D.C. Law 15-354, in subsec. (a), substituted “Except as provided in § 2-1831.03(f)), the” for “The”.


§ 2–1802.05. Service.

(a) Any notice or order served upon a respondent or other person pursuant to this chapter may be personally served, electronically served, delivered to the respondent’s or other person’s last known home or business address and left with a person of suitable age and discretion residing or employed therein, or mailed to the respondent or other person by first class mail to the respondent’s last known home or business address. When service is by mail, 5 additional days shall be added to the time period within which the respondent or other person may, or is required to, take any action specified in the notice or order.

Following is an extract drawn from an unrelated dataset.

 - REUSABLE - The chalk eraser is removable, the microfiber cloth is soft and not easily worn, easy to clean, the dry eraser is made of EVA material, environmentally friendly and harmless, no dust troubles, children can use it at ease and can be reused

(b) Where property unlawfully occupies public space, including a public right-of-way, in violation of part B of subchapter II of Chapter 3 of Title 1 [§ 1-303.21 et seq.], subchapter I of Chapter 11 of Title 10 [§ 10-1101.01 et seq.], subchapter II of Chapter 11 of Title 10 [§ 10-1121.01 et seq.], subchapter III of Chapter 11 of Title 10 [§ 10-1141.01 et seq.], Chapter 11A of Title 10 [§ 10-1181.01 et seq.], or Chapter 9A of Title 50 [§ 50-921.01 et seq.], or another law regulating the occupancy or use of public space, including the public right-of-way, and the identity or location of the property owner is unknown, service may also be made by:

(1) Conspicuously posting the notice or order on the property alleged to be in violation; and

(2) Posting the information regarding the notice or order on the website of the agency issuing the notice or order.


(Oct. 5, 1985, D.C. Law 6-42, § 205, 32 DCR 4450; Sept. 24, 2010, D.C. Law 18-223, § 2052, 57 DCR 6242; Mar. 11, 2015, D.C. Law 20-207, § 10, 61 DCR 12690.)

Prior Codifications

1981 Ed., § 6-2715.

Effect of Amendments

D.C. Law 18-223 substituted “personally served, electronically served,” for “personally served,”.

The 2015 amendment by D.C. Law 20-207 designated the existing text as (a); and added (b).

Emergency Legislation

For temporary (90 day) amendment of section, see § 2052 of Fiscal Year 2011 Budget Support Emergency Act of 2010 (D.C. Act 18-463, July 2, 2010, 57 DCR 6542).

Short Title

Short title: Section 2051 of D.C. Law 18-223 provided that subtitle E of title II of the act may be cited as the “Electronic Service of Notice Amendment Act of 2010”.

Editor's Notes

Applicability of D.C. Law 20-207: Section 12(a) of D.C. Law 20-207 provided that §§ 2(a), 2(b)(1), 2(b)(2)(A), 2(b)(2)(B), 2(b)(2)(C), 2(c), 3, 4, 6, 7, 8, 9, 10, and 11 shall apply as of March 11, 2015.